Open validation queue
  1. Confirm risk_notcomp_dollars time window with the PBI dataset owner. If it's not 90-day, the $51.7M annualization is wrong by definition. (Highest leverage — unlocks the dollar-magnitude story.)
  2. Within-practice longitudinal test: does confirmation_pct change in month N predict growth change in month N+12 inside the same practice? Resolves reverse-causation for the T14 lever.
  3. Brand / PMS / payor fixed-effects regression on confirmed_pct → growth and risk_notcomp_rate → growth. The cross-sectional signal could be brand-confounded; this rules it out.
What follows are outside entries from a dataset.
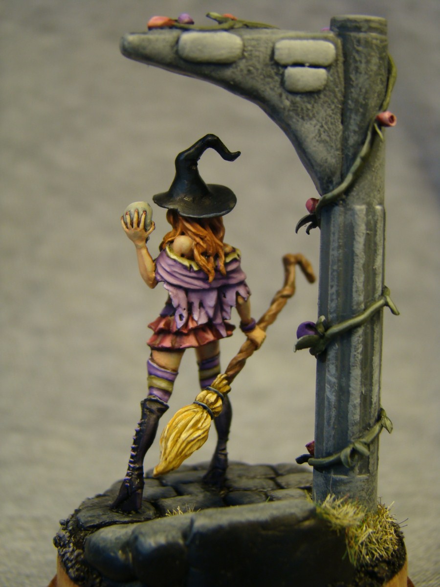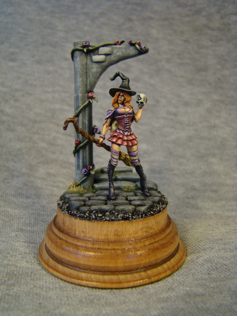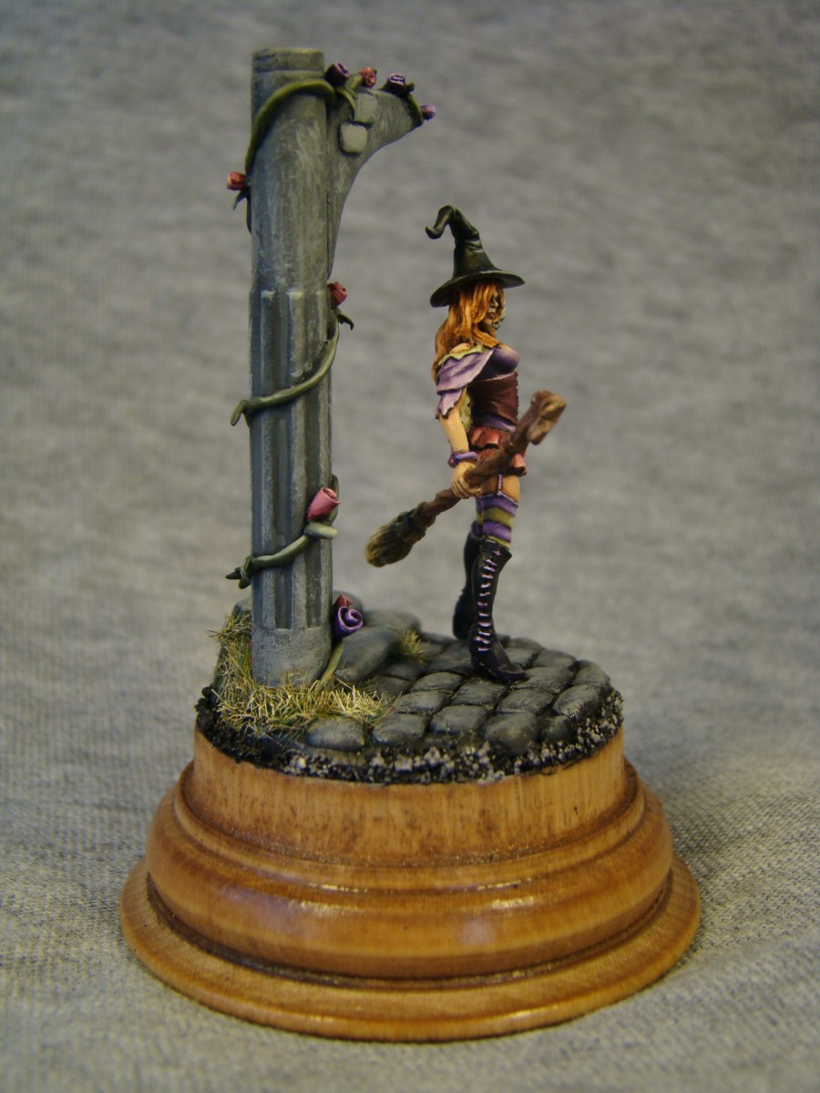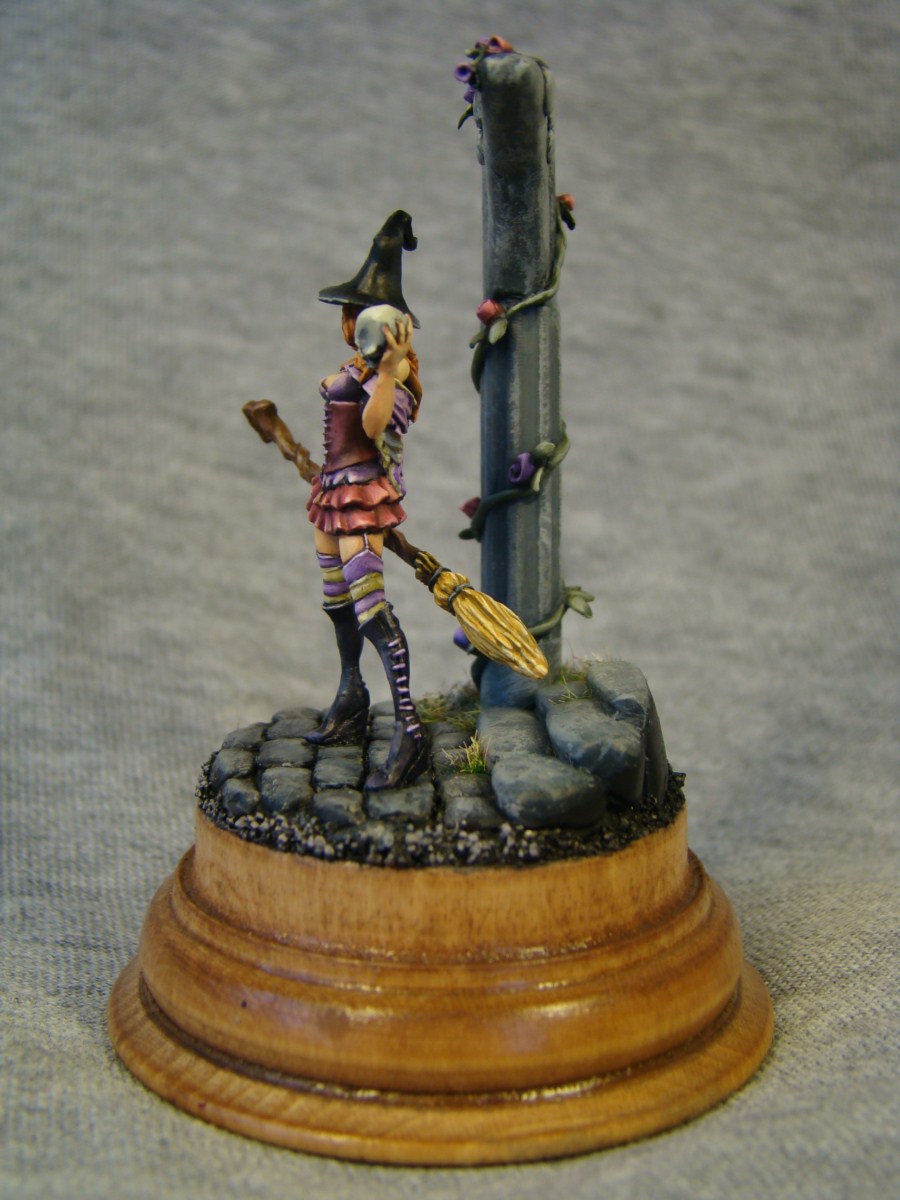 Gabrielle Lunardiente, фирма Tale of War. Размер 28mm. Арка, ступеньки, брущатка и розочки сделаны мною лично. Подставка-дерево. Как обычно жду комментариев и критики.
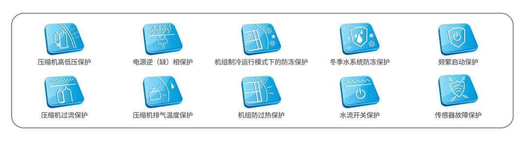 采用模块化结构,机组分级启动,减少机组启动电流对电网的冲击,机组自带高低压开关、防冻保护装置、流量控制器、过载保护装置、电源相序保护装置等,并配有运行控制装置,出现故障时,控制器进行实时自动报警。
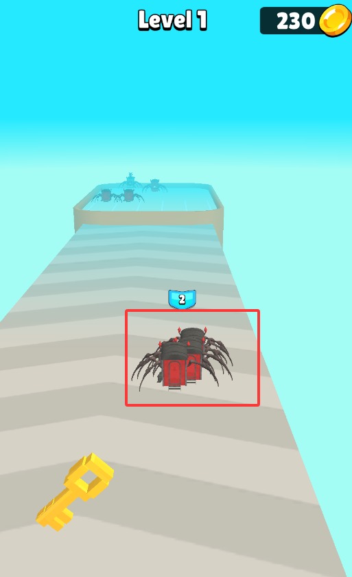 1游戏开始时,通过手指在屏幕上左右滑动来操控巨型蜘蛛移动,当它遇到小型蜘蛛时就可以将其纳入队伍,队伍规模越大越有利。

  4. Out-of-sample replication of confirmed_pct → growth on a separate trailing window (e.g., prior 365d). Required before T14 promotes from exploratory to active.
  5. Labor coverage expansion beyond Accelerate brand — extend punches to Parks Pace / SGA East so the FO-staffing-direction claim has n>100. (Currently n=43, exploratory only.)
The honest summary

We built a tile yesterday based on a real signal. The deep dive shows the signal is real but smaller, in a different place than we thought, and entangled with two other independent failure modes.

The fix is to ship three tiles, not one — and to publish a defensible $5.9M floor instead of a $73.7M ceiling we can't yet defend. Everything else queues into the validation list above.